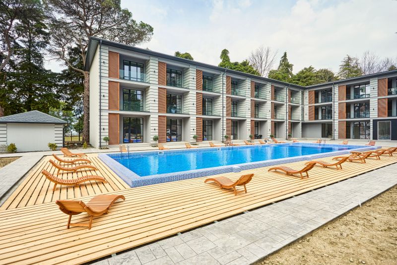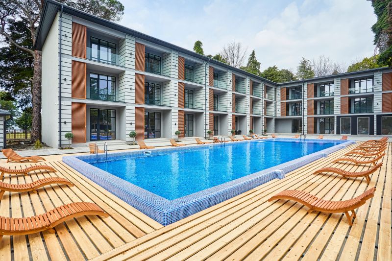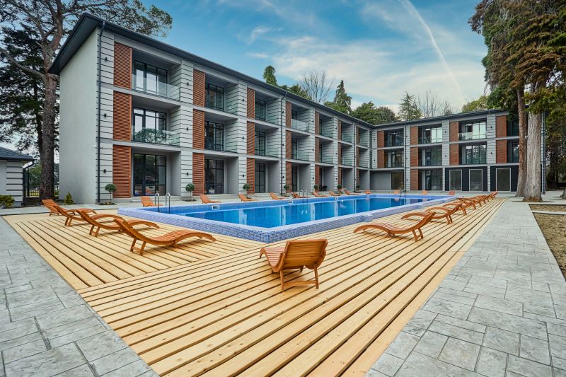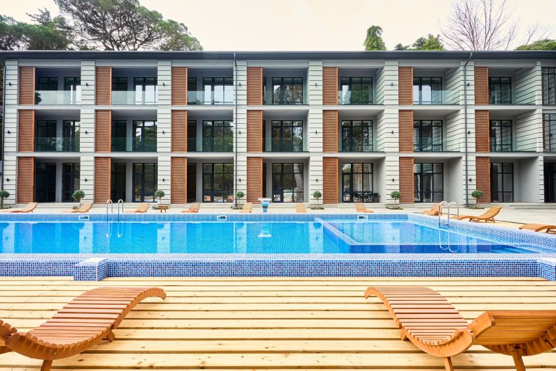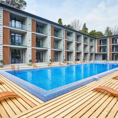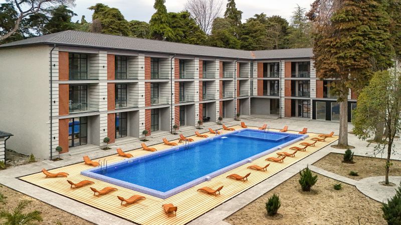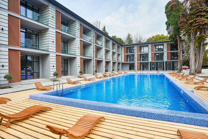 Отель «Солар» – это оазис спокойствия и комфорта, раскинувшийся на живописном берегу черного моря. Белоснежный фасад здания элегантно контрастирует с изумрудной зеленью сосен и пальм, с глубокой синевой морской глади. Здесь, вдали от городской суеты, каждый гость найдет свой уголок рая.
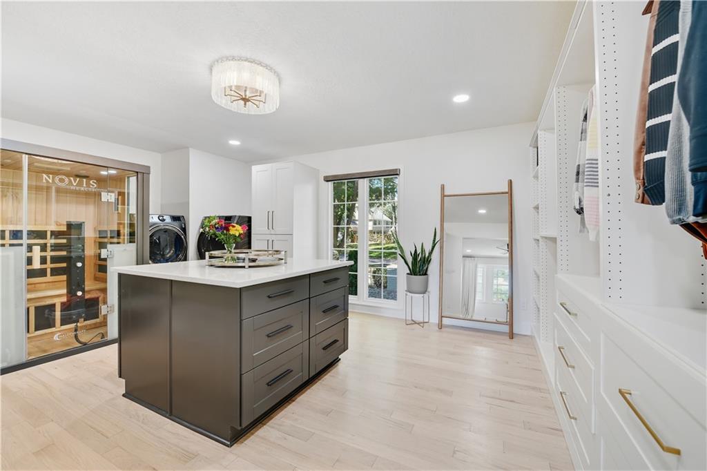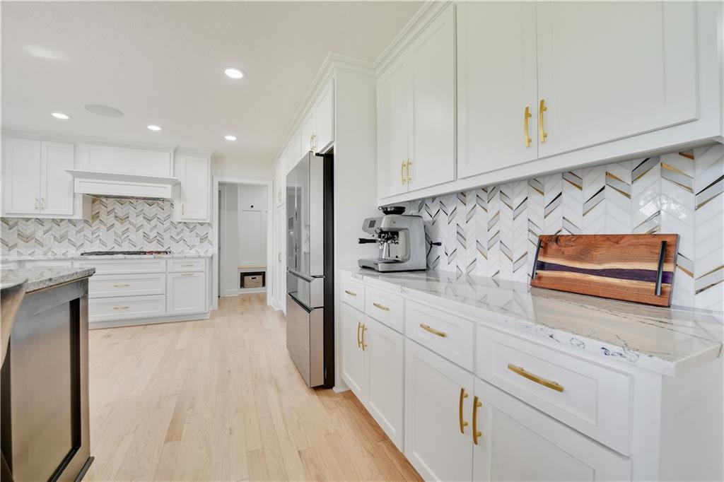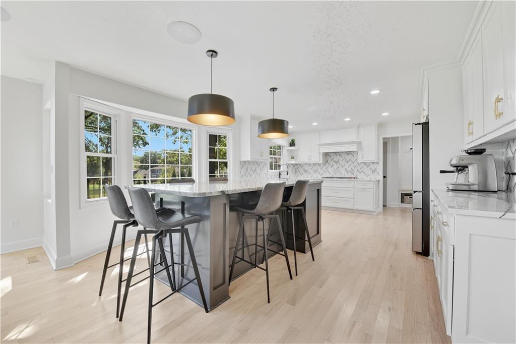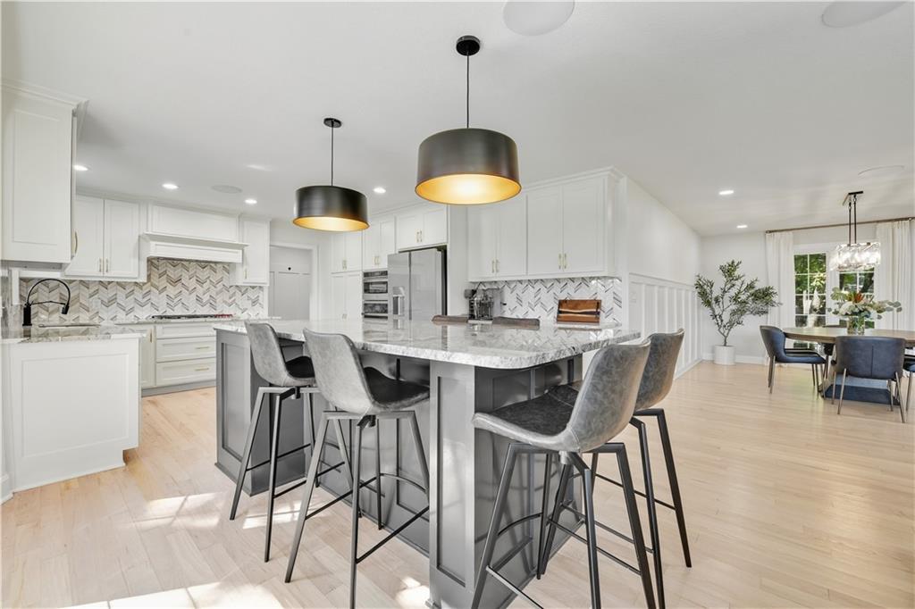 EXPERIENCE RESORT-STYLE LIVING IN THIS FULLY REMODELED 1.5 STORY HOME BACKING TO HOLE #8 IN COVETED LEAWOOD SOUTH. SITUATED ON THE MOST DESIRABLE STREET IN THE NEIGHBORHOOD WITH A LARGE CIRCLE DRIVE JUST WALKING DISTANCE TO THE COUNTRY CLUB, THIS MOVE-IN READY RETREAT COMBINES MODERN UPDATES WITH TIMELESS COMFORT. EVERY DETAIL HAS BEEN THOUGHTFULLY DESIGNED, FROM THE CHEF'S KITCHEN & DESIGNER FINISHES TO THE STUNNING 4-PANEL SLIDING GLASS DOOR THAT EXTENDS THE LIVING SPACE ONTO THE DECK, BLENDING INDOOR COMFORT WITH OUTDOOR GOLF COURSE VIEWS. ENJOY THE SENSE OF OPENNESS & TRANQUILITY WITH NATURE JUST OUTSIDE YOUR DOOR. THE OPEN FLOOR PLAN OFFERS SEAMLESS FLOW BETWEEN THE KITCHEN, DINING, & LIVING AREAS-PERFECT FOR BOTH ENTERTAINING AND EVERYDAY LIVING. THE HEART OF THE HOME BOASTS A STUNNING KITCHEN WITH CUSTOM CABINETS, EYE-CATCHING PENDANT LIGHTING, SLEEK BACKSPLASH DETAIL, & AN OVERSIZED KITCHEN ISLAND PERFECT FOR ENTERTAINING. THE PRIMARY BEDROOM RETREAT ON THE MAIN FLOOR OFFERS ULTIMATE COMFORT WITH A SPA-INSPIRED CUSTOM BATH & A MASSIVE WALK-IN CLOSET FEATURING BUILT-IN ORGANIZATION AND CONVENIENT IN-CLOSET LAUNDRY. THE UPPER LEVEL INCLUDES FOUR BEDROOMS, A BONUS LAUNDRY AREA, AND AN UNFINISHED ATTIC SPACE WITH POTENTIAL TO ADD EVEN MORE SQUARE FOOTAGE. THE LARGE WALKOUT BASEMENT OFFERS INCREDIBLE FLEXIBILITY WITH A FULL BATH, ABUNDANT STORAGE, AND ENDLESS POSSIBILITIES FOR A HOME GYM, THEATRE, OR GUEST SUITE. ENJOY THE LUXURY OF AN OVERSIZED LOT, PROVIDING EXTRA ROOM FOR OUTDOOR LIVING, ENTERTAINING, OR SIMPLY SOAKING IN THE PEACEFUL GOLF COURSE SETTING. THIS HOME HAS BEEN SOLD TWICE OFF-MARKET, A TRUE TESTAMENT TO ITS DESIRABILITY, AND IS NOW BEING OFFERED FULLEY RENOVATED FOR ITS NEXT OWNER. THIS PRIME LOCATION OFFERS BOTH AWARD-WINNING BLUE VALLEY SCHOOL DISTRICT AND QUICK ACCESS TO THE AREA'S BEST RESTAURANTS AND AMENINITES. IT IS TRULY A ONCE-IN-A-LIFETIME OPPORTUNITY TO LIVE IN A FULLY RENOVATED, GOLF COURSE HOME IN THE HEART OF LEAWOOD.
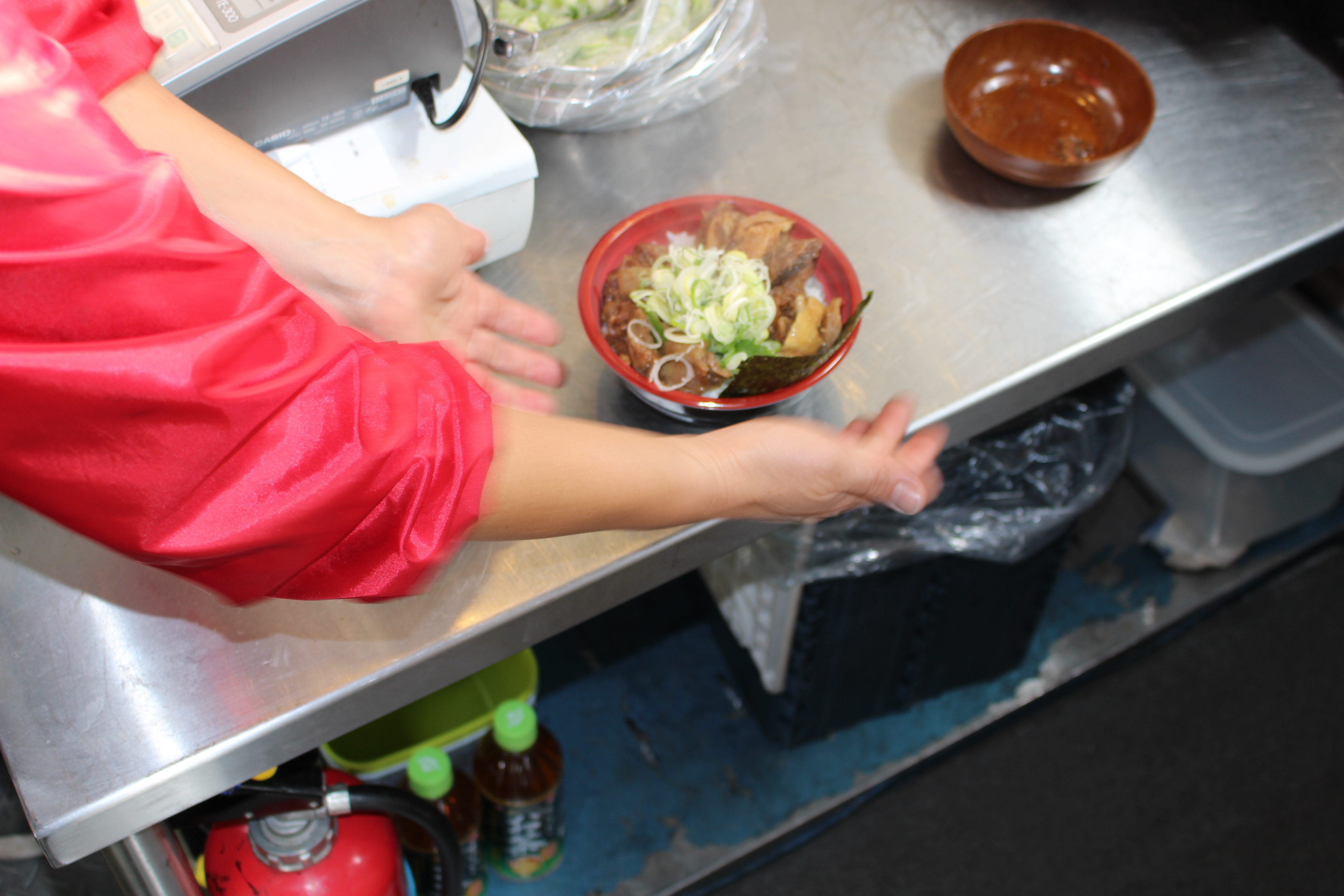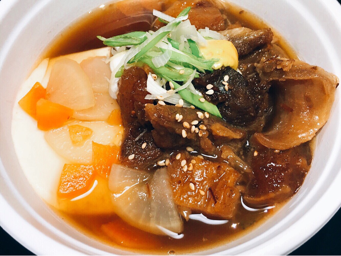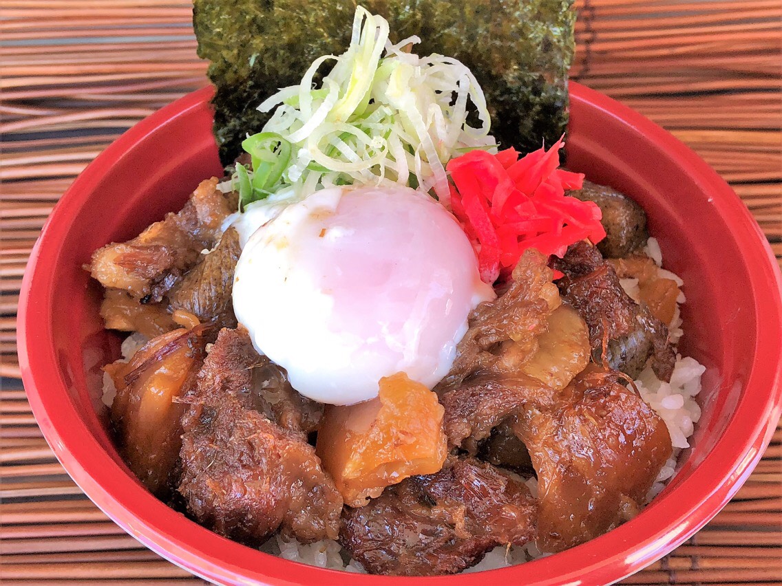 じっくり時間をかけて煮込まれた牛すじの煮込みを、豪快にアツアツのご飯の上にぶっかけた一品!時間をかけてしっかり煮込まれているので、牛すじのお肉の部分には味がしみ込み、すじはぷるぷるで、口の中であっという間に溶けてしまいます。甘辛く味付けされた煮込みは、ご飯との相性抜群!煮汁がしみ込んだご飯が、もうたまりません♪
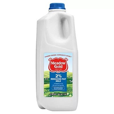 Meadow Gold 2% Milk is a reduced fat milk with vitamin A and vitamin D, making it a wholesome choice for the entire family. Creamy and delicious, this 32 oz milk has 8 grams of protein and 25% of the daily value for calcium with vitamin D in every serving. Pour this 2% milk into a tall glass for a midnight snack, enjoy it with breakfast, or use it as a base for your cereal. This half gallon of 2% reduced fat milk is convenient for a small family and a nutritious drink for an individual. Meadow Gold dairy milk meets special requirements in safety, nutrition and production and reflects a commitment to the highest standard of dairy processing for over 50 years. This half gallon of 2% milk comes from dedicated family farmers who take pride in nourishing communities. At 130 calories per serving, 2% Reduced Fat Meadow Gold Milk is a wholesome alternative to whole milk.
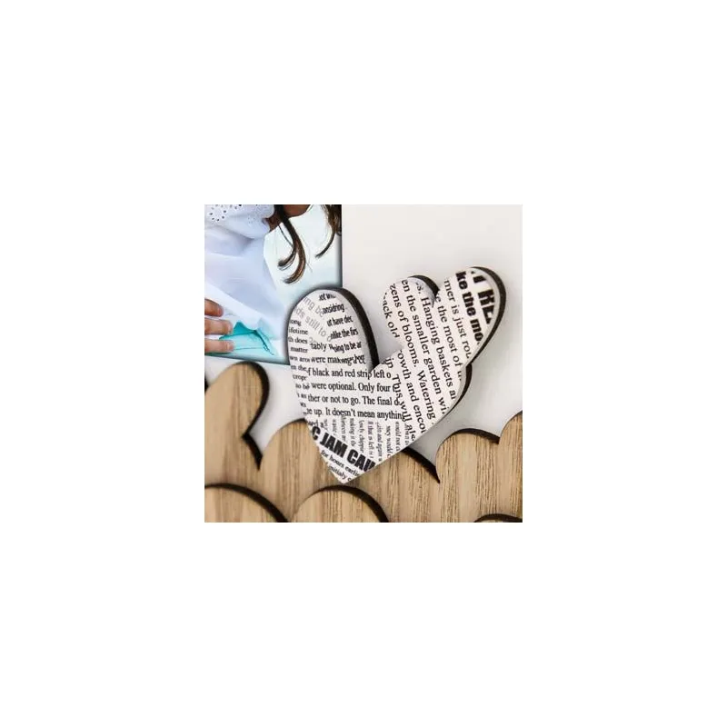 The Zep Photo Frame HP657 Romina 13x18 cm is a wooden photo frame suitable for 1 photo of 13x18 cm. It comes in white and brown colors with a decorative print and a 3D heart-shaped decoration on overlapped levels. The frame is available in table and suspension versions, with a love theme. The total dimensions, including the frame, are 19.9 x 24.5 cm (W x H).
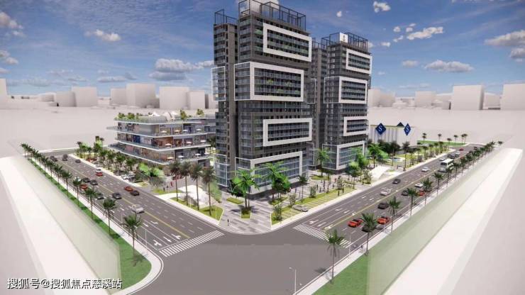 建筑类型:2栋轻奢公寓、近8万㎡热带风情商业综合体、下沉式篮球场、运动方盒
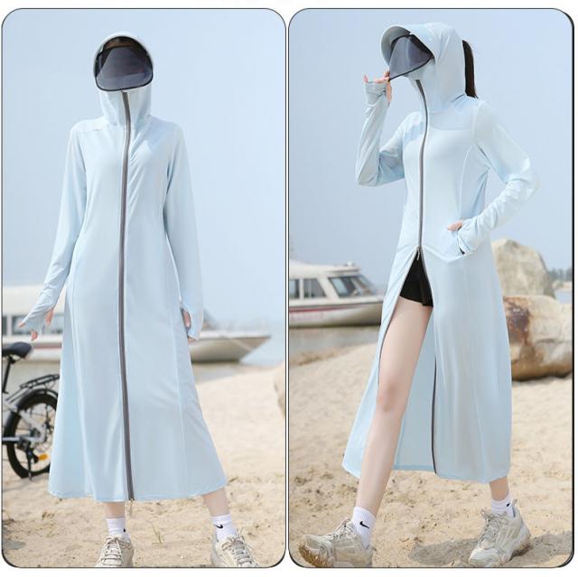 uv パーカー ロング レディース ツバ付き 冷感パーカー ラッシュガード ポケット 超ロング 体型カバー UVカット 紫外線対策 全身カバー

———

WORK TO BE COMPLETED: Once the pictures have been removed, reproduce each line of the material above exactly.

ANSWER FOR THE TASK:
 Отель «Солар» – это оазис спокойствия и комфорта, раскинувшийся на живописном берегу черного моря. Белоснежный фасад здания элегантно контрастирует с изумрудной зеленью сосен и пальм, с глубокой синевой морской глади. Здесь, вдали от городской суеты, каждый гость найдет свой уголок рая.
 EXPERIENCE RESORT-STYLE LIVING IN THIS FULLY REMODELED 1.5 STORY HOME BACKING TO HOLE #8 IN COVETED LEAWOOD SOUTH. SITUATED ON THE MOST DESIRABLE STREET IN THE NEIGHBORHOOD WITH A LARGE CIRCLE DRIVE JUST WALKING DISTANCE TO THE COUNTRY CLUB, THIS MOVE-IN READY RETREAT COMBINES MODERN UPDATES WITH TIMELESS COMFORT. EVERY DETAIL HAS BEEN THOUGHTFULLY DESIGNED, FROM THE CHEF'S KITCHEN & DESIGNER FINISHES TO THE STUNNING 4-PANEL SLIDING GLASS DOOR THAT EXTENDS THE LIVING SPACE ONTO THE DECK, BLENDING INDOOR COMFORT WITH OUTDOOR GOLF COURSE VIEWS. ENJOY THE SENSE OF OPENNESS & TRANQUILITY WITH NATURE JUST OUTSIDE YOUR DOOR. THE OPEN FLOOR PLAN OFFERS SEAMLESS FLOW BETWEEN THE KITCHEN, DINING, & LIVING AREAS-PERFECT FOR BOTH ENTERTAINING AND EVERYDAY LIVING. THE HEART OF THE HOME BOASTS A STUNNING KITCHEN WITH CUSTOM CABINETS, EYE-CATCHING PENDANT LIGHTING, SLEEK BACKSPLASH DETAIL, & AN OVERSIZED KITCHEN ISLAND PERFECT FOR ENTERTAINING. THE PRIMARY BEDROOM RETREAT ON THE MAIN FLOOR OFFERS ULTIMATE COMFORT WITH A SPA-INSPIRED CUSTOM BATH & A MASSIVE WALK-IN CLOSET FEATURING BUILT-IN ORGANIZATION AND CONVENIENT IN-CLOSET LAUNDRY. THE UPPER LEVEL INCLUDES FOUR BEDROOMS, A BONUS LAUNDRY AREA, AND AN UNFINISHED ATTIC SPACE WITH POTENTIAL TO ADD EVEN MORE SQUARE FOOTAGE. THE LARGE WALKOUT BASEMENT OFFERS INCREDIBLE FLEXIBILITY WITH A FULL BATH, ABUNDANT STORAGE, AND ENDLESS POSSIBILITIES FOR A HOME GYM, THEATRE, OR GUEST SUITE. ENJOY THE LUXURY OF AN OVERSIZED LOT, PROVIDING EXTRA ROOM FOR OUTDOOR LIVING, ENTERTAINING, OR SIMPLY SOAKING IN THE PEACEFUL GOLF COURSE SETTING. THIS HOME HAS BEEN SOLD TWICE OFF-MARKET, A TRUE TESTAMENT TO ITS DESIRABILITY, AND IS NOW BEING OFFERED FULLEY RENOVATED FOR ITS NEXT OWNER. THIS PRIME LOCATION OFFERS BOTH AWARD-WINNING BLUE VALLEY SCHOOL DISTRICT AND QUICK ACCESS TO THE AREA'S BEST RESTAURANTS AND AMENINITES. IT IS TRULY A ONCE-IN-A-LIFETIME OPPORTUNITY TO LIVE IN A FULLY RENOVATED, GOLF COURSE HOME IN THE HEART OF LEAWOOD.
 じっくり時間をかけて煮込まれた牛すじの煮込みを、豪快にアツアツのご飯の上にぶっかけた一品!時間をかけてしっかり煮込まれているので、牛すじのお肉の部分には味がしみ込み、すじはぷるぷるで、口の中であっという間に溶けてしまいます。甘辛く味付けされた煮込みは、ご飯との相性抜群!煮汁がしみ込んだご飯が、もうたまりません♪
 Meadow Gold 2% Milk is a reduced fat milk with vitamin A and vitamin D, making it a wholesome choice for the entire family. Creamy and delicious, this 32 oz milk has 8 grams of protein and 25% of the daily value for calcium with vitamin D in every serving. Pour this 2% milk into a tall glass for a midnight snack, enjoy it with breakfast, or use it as a base for your cereal. This half gallon of 2% reduced fat milk is convenient for a small family and a nutritious drink for an individual. Meadow Gold dairy milk meets special requirements in safety, nutrition and production and reflects a commitment to the highest standard of dairy processing for over 50 years. This half gallon of 2% milk comes from dedicated family farmers who take pride in nourishing communities. At 130 calories per serving, 2% Reduced Fat Meadow Gold Milk is a wholesome alternative to whole milk.
 The Zep Photo Frame HP657 Romina 13x18 cm is a wooden photo frame suitable for 1 photo of 13x18 cm. It comes in white and brown colors with a decorative print and a 3D heart-shaped decoration on overlapped levels. The frame is available in table and suspension versions, with a love theme. The total dimensions, including the frame, are 19.9 x 24.5 cm (W x H).
 建筑类型:2栋轻奢公寓、近8万㎡热带风情商业综合体、下沉式篮球场、运动方盒
 uv パーカー ロング レディース ツバ付き 冷感パーカー ラッシュガード ポケット 超ロング 体型カバー UVカット 紫外線対策 全身カバー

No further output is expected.